In het atoom bezetten deze elektronen gebieden die worden genoemd orbitalen, die afhangen van de energie en het impulsmoment van het elektron. Op hun beurt worden zowel de energie als het impulsmoment van de elektronen in het atoom gekwantiseerd. Dit betekent dat ze slechts enkele discrete waarden kunnen aannemen.
Nu worden de orbitalen gevuld met elektronen van lagere naar hogere energie, volgens bepaalde regels die de elektronische configuratie bepalen.
Op deze manier stelt het aantal elektronen in de buitenste orbitalen of niveaus van een atoom de bindingen vast die het kan vormen met andere atomen om moleculen te vormen. Dit aantal is afhankelijk van de elektronenconfiguratie en het atoomnummer.

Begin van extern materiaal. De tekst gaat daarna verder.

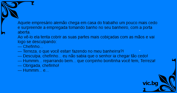 Aquele empresário alemão chega em casa do trabalho um pouco mais cedo e surpreende a empregada tomando banho no seu banheiro, com a porta aberta.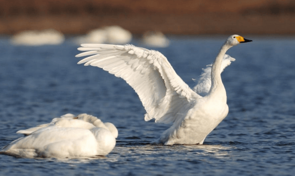 大天鹅:国家二级保护动物,体长约1.5米,全身羽毛洁白发亮,颈部修长呈“S”形,喙端黑色、基部黄色,游泳时体态优雅,飞行时队列整齐(常呈“人”字或“一”字)。冬季(12月-次年2月)集群栖息于东八路观鸟线淡水沼泽、黄河口湿地水湾附近。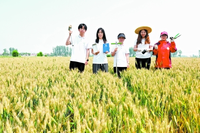 河北省曲周县傅庄科技小院的学生在麦田里(5月26日摄)。时下,华北平原麦浪滚滚,一派丰收在即的景象。在河北省曲周县,中国农业大学科技小院的学生往来田间,看小麦长势,进行各种试验,为小麦丰产保驾护航。 新华社记者 牟宇/摄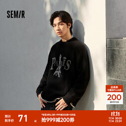 森馬(Semir)梅花系列毛衫男冬季繡花情侶針織衫復古寬松套頭毛衣內搭外穿 黑色調00399 XS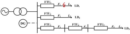 When the DG is connected, as illustrated in Figure 4, it will have an impact on the traditional relay protection device, making the distribution network structure more complex. The power direction will appear to be a bidirectional flow, the location of the DG access will have an impact on the size of the fault current as well as the phase, and the fault information uploaded by some of the FTUs (Feeder Terminal Units) will be incomplete, which leads to the inaccuracy of the traditional fault location method [32].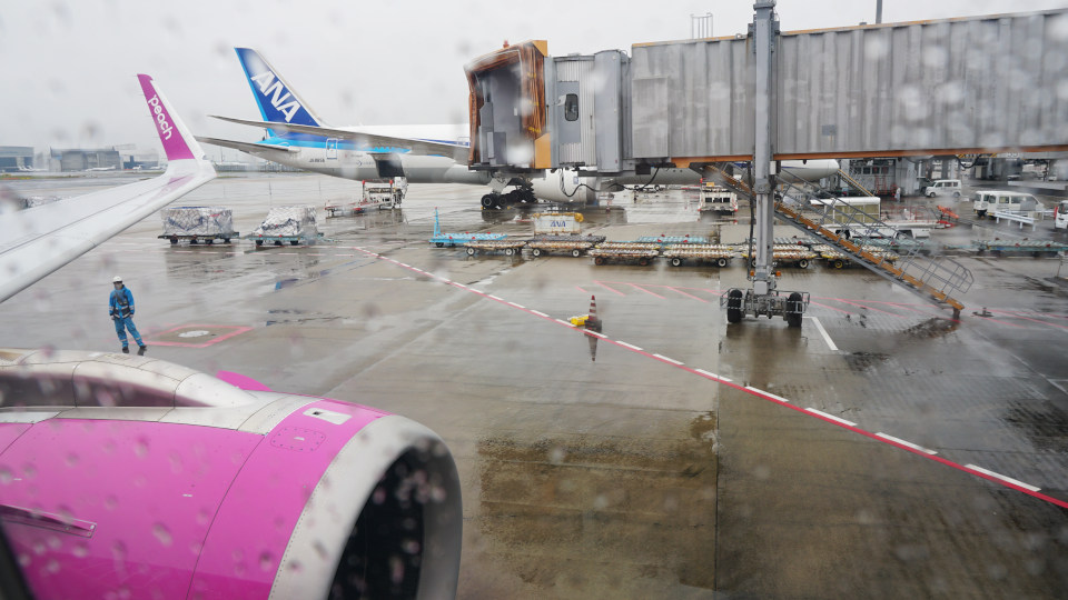 この日はあいにくの雨でしたが、成田国際空港10:35発 ピーチMM567便で新千歳空港へ向かいます。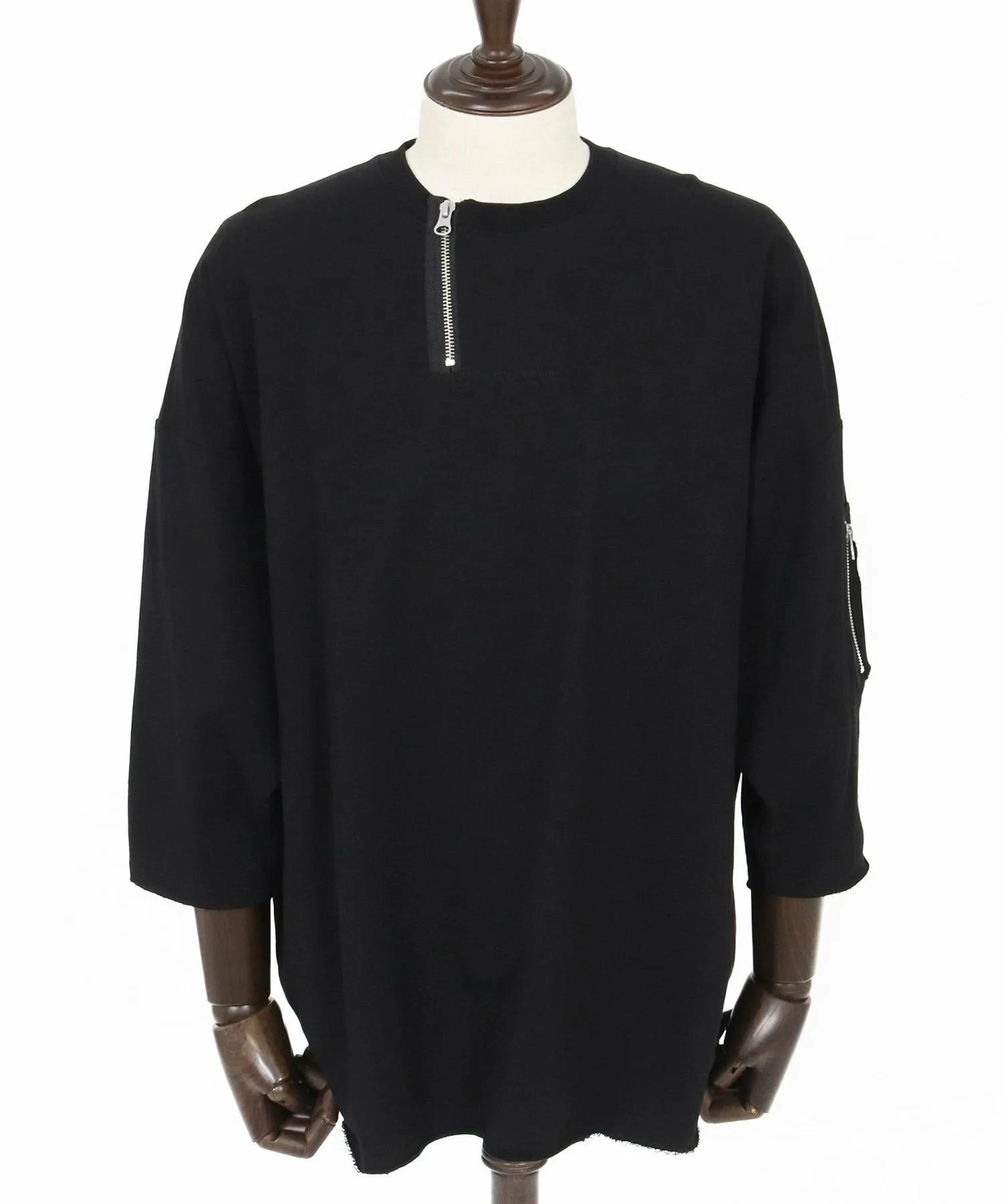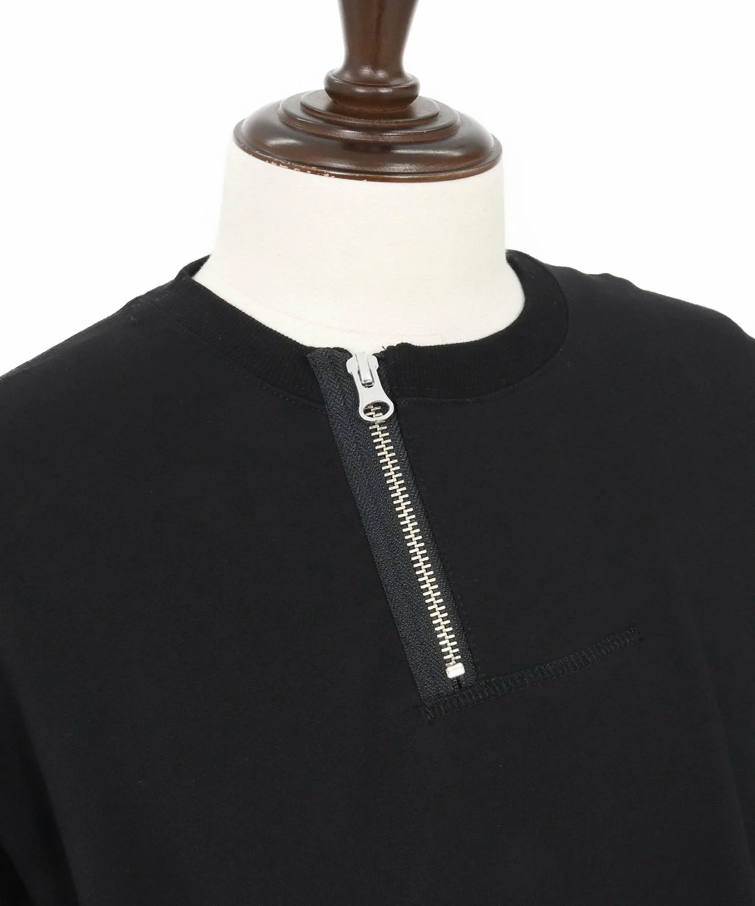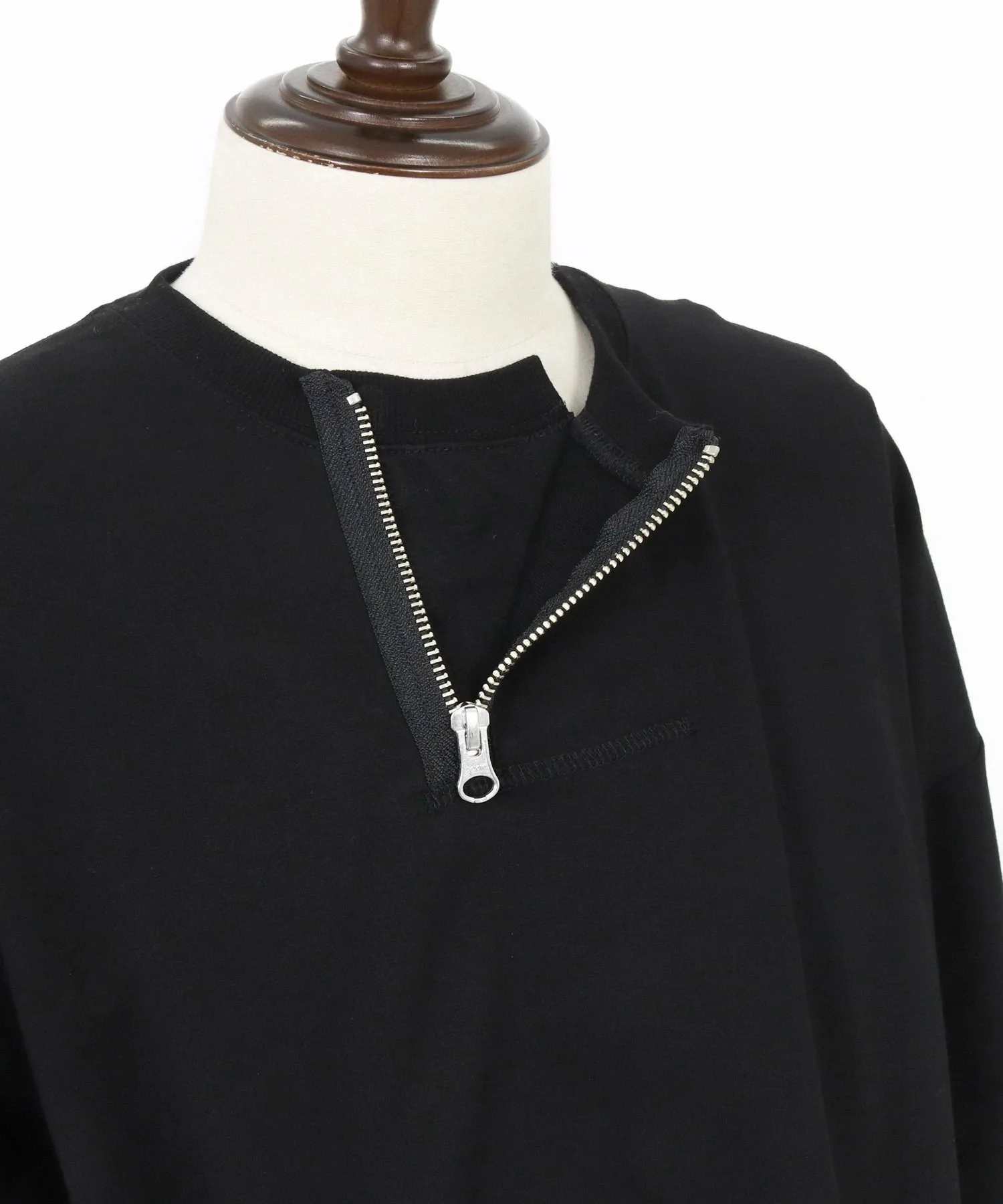 Воротник имеет форму «хенли» с молнией, слегка смещенной от центра, что создает грубый и повседневный вид.

De energie van een elektron in het atoom wordt bepaald door zijn belangrijkste kwantumgetal n, die gehele getallen 1, 2, 3 ... kan aannemen
Het impulsmoment van het elektron in het atoom wordt bepaald door het secundaire kwantumgetal l (letter ele) en zijn waarden zijn afhankelijk van n.

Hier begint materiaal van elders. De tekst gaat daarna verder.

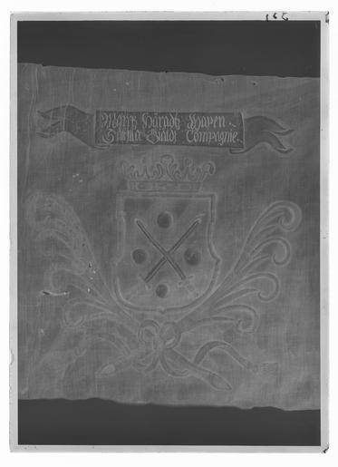 | Keywords: Fana för Sätila socken i Marks härad - Livrustkammaren - 34672-negative.tif Duk av enkel blå linnelärft 2 vertikala våder sammansydda med en smal fällsöm Stad i vertikala ytterkanten Fållen i över och underkanten lagd åt dukens utsida Dekor målad lika på båda sidor I mitten i gult en med öppen krona krönt sköld Nedtill innefattad av två korsade svärd med vita klingor och gula fästen följda av fyra i vinklar ställda vita kulor På det vita inskriptionsbandet text i svartSättilla Giäld Compagnie på insidan Mark härad Wapen // Sättilla Compagnie Fäst med 1 rad sexuddiga tennlickor på ett blått band Bandet har ursprungligen fortsatt 330 mm ned på stången <br/>Stång av trä avsågad brunmålad Holk av mässing original caption 1710 wood Färg brun material trä - brass size mm 98 holk size mm 2445 stång total size mm 1460 size mm 1400 size mm 670 våd yttre size mm 735 våd inre LRK place of origin original filename LN_B01394_004274 53591 inventory number LRK 17037 34672 CC0 Fana för Sätila socken i Marks härad - Livrustkammaren - 34672 tif <gallery caption Different images of same object > File Fana för Sätila socken i Marks härad - Livrustkammaren - 26110 tif </gallery> |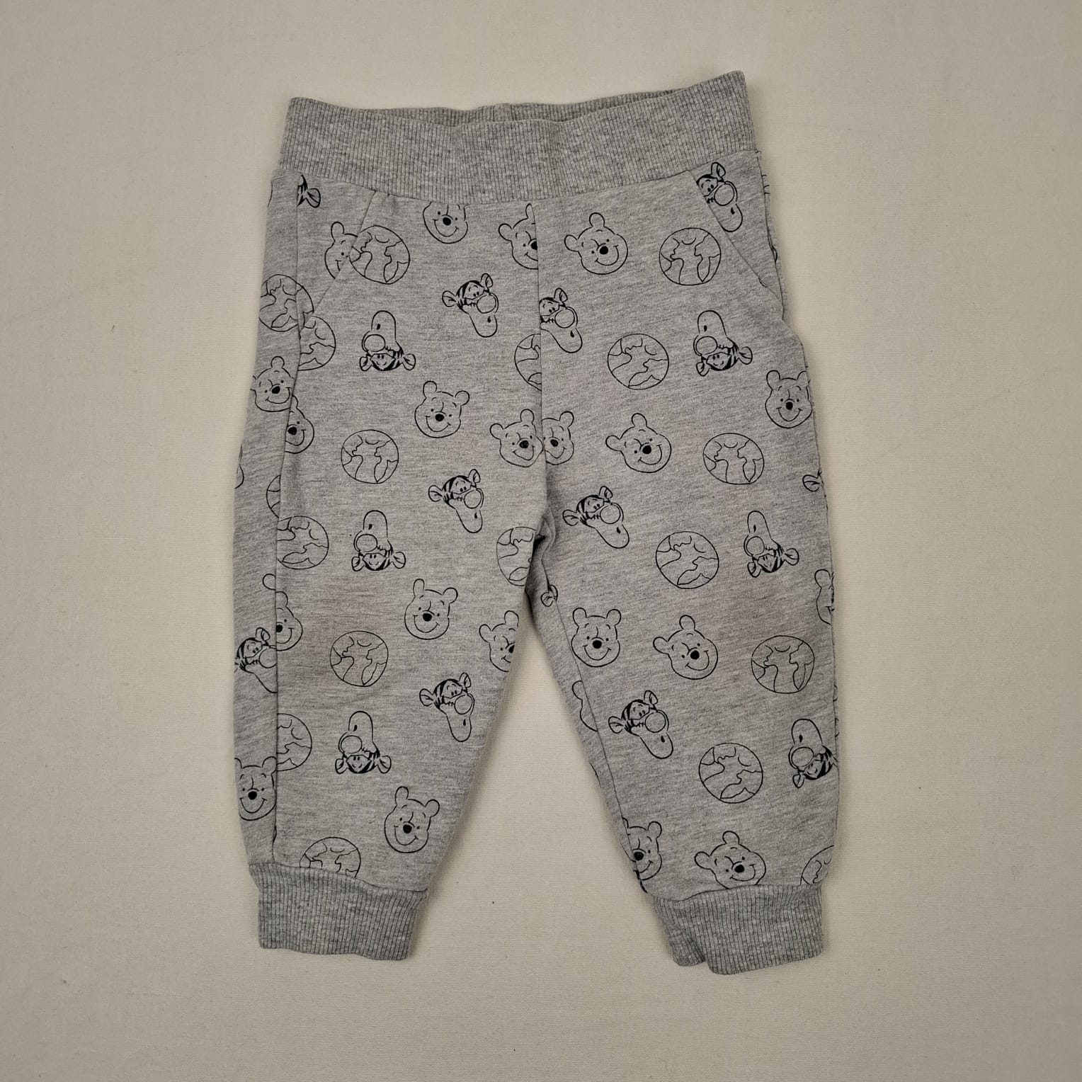 Autres commentaires : 7% polyester et 4% élasthanne. Pantalon sportswear gris parsemé de planètes terre et de la tête de personnages Winnie l’ourson et Tigrou, taille et chevilles élastiquée (bord côte)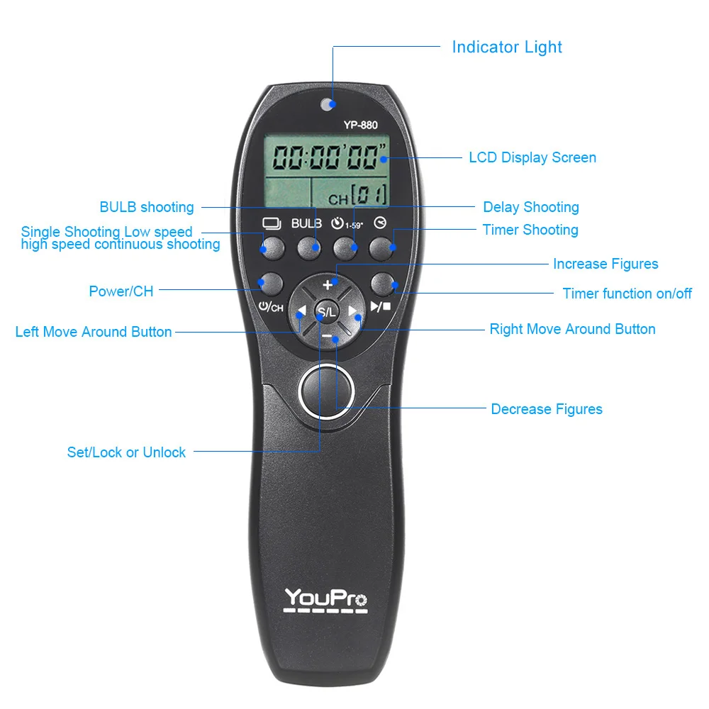 YouPro YP-880 камера проводной спуск затвора Дистанционное Управление поддерживает одиночную съемку, низкую скорость и высокоскоростную непрерывную съемку, лампу съемки, задержку съемки и временную съемку, может удовлетворить ваши различные требования к съемке.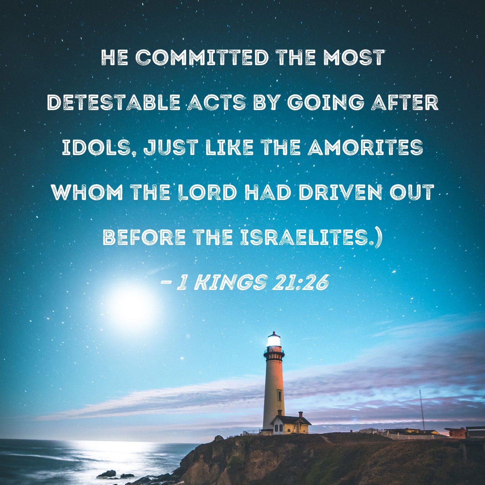 1 Kings 21:26 He committed the most detestable acts by going after idols, just like the Amorites whom the LORD had driven out before the Israelites.)

Voor n = 2 neemt het secundaire kwantumgetal bijvoorbeeld de waarden van 0 tot n-1, dat wil zeggen: 0 en 1. Evenzo, voor n = 1, wat het laagste energieniveau is, het secundaire kwantumgetal l het alleen heeft de waarde 0.
Secundaire kwantumnummers 0, 1, 2, 3 worden afwisselend aangeduid met de letters s, p, d en f. De s-orbitalen zijn bolvormig en de p-orbitalen zijn gelobd.

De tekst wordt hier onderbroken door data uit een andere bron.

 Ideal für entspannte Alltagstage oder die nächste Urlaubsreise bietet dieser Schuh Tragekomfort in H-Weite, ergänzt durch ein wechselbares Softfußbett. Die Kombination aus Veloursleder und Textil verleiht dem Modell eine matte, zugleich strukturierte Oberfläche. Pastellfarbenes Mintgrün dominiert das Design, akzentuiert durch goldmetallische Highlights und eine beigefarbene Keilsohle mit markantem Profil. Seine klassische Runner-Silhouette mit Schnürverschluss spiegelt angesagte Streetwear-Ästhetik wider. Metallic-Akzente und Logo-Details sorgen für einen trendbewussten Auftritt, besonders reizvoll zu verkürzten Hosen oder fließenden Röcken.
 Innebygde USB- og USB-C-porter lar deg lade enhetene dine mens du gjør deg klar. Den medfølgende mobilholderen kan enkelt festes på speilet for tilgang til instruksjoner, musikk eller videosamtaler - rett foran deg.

Er zijn nog twee kwantumnummers:
Ten slotte is er het uitsluitingsprincipe van Pauli, dat stelt dat twee elektronen niet alle vier identieke kwantumgetallen kunnen hebben. Als gevolg van dit principe kan een orbitaal maximaal twee elektronen met tegengestelde spin hebben.
Het elektronenconfiguratiediagram wordt gebruikt om de volgorde van het vullen van de elektronen te kennen van de orbitalen met de laagste energie tot de orbitalen met de hoogste energie, zodra het atoomnummer van een chemisch element bekend is. Figuur 4 toont dit diagram:
Het idee dat daar wordt geschetst, is het volgende: het eerste getal geeft het hoofdkwantumnummer aan, vervolgens geeft de letter het secundaire kwantumnummer aan en tenslotte geeft het superscriptnummer het maximale aantal elektronen aan dat mogelijk is in die baan..
Zoals hierboven aangegeven, heeft koolstof atoomnummer 6, wat betekent dat het 6 elektronen heeft die als volgt zijn verdeeld: 1s2 2s2 2p2. Silicium van zijn kant heeft atoomnummer 14 en zijn elektronen zijn op deze andere manier verdeeld: 1s2 2s2 2p6 3s2 3p2.
Beide elementen staan in dezelfde kolom van het periodiek systeem, want hoewel ze verschillende atoomnummers hebben, hebben ze dezelfde elektronische configuratie in het periodiek systeem. buitenste orbitaal.
Niemand heeft nog op dit artikel gereageerd.